Background: Negative nitrogen balance after burn injury mainly indicates muscle catabolism, but the exact influence of burn on protein synthesis and breakdown in different types of skeletal muscle and the role of glucocorticoids in this metabolic response are unknown.
Study design: A 30 percent body surface area flame burn was inflicted on rats. Protein turnover rates were measured in vitro in the white fast-twitch extensor digitorum longus (EDL) muscle and the red slow-twitch soleus muscle. To test the role of glucocorticoids, groups of rats were treated with the glucocorticoid receptor antagonist RU 38486 or vehicle.

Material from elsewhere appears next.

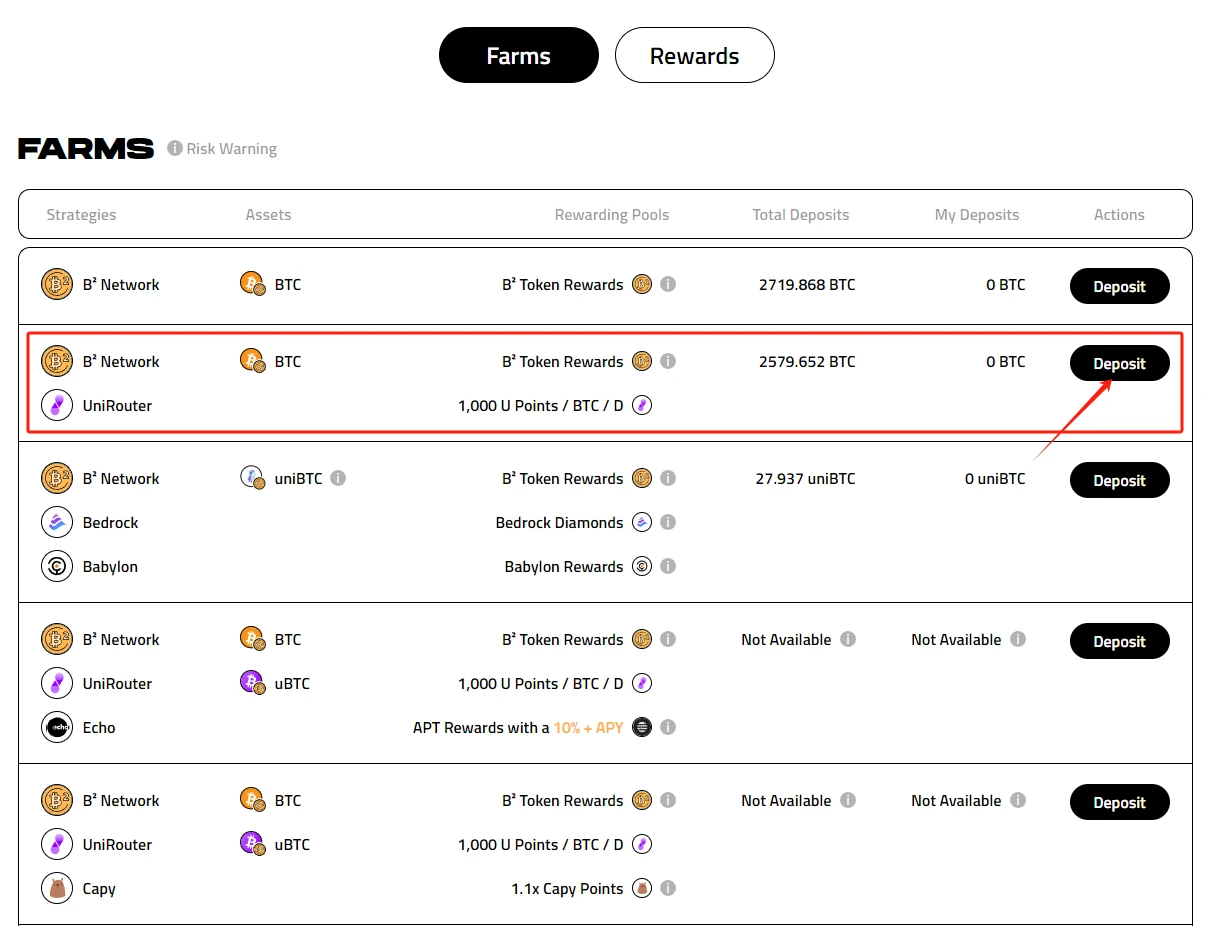 STEP 2. 质押 BTC,选择第二个 B² Network+UniRouter,点击 deposit 进行质押可以同时获得 B² Network+UniRouter+Babylon 三重奖励。( 点击此处跳转链接 )

Results: Burns resulted in reduced protein synthesis and stimulated protein breakdown, in particular myofibrillar protein breakdown, and the changes were substantially more pronounced in the EDL than in the soleus muscle. A burn-induced increase in muscle proteolysis was abolished by treatment with RU 38486, whereas the reduced protein synthesis was not affected by the glucocorticoid receptor antagonist.
Conclusions: The results suggest that the white fast-twitch muscle is more sensitive to the effects of burn injury than the red slow-twitch muscle. Burn-induced muscle proteolysis may be mediated, at least in part, by glucocorticoids, whereas protein synthesis is probably regulated by other mechanisms.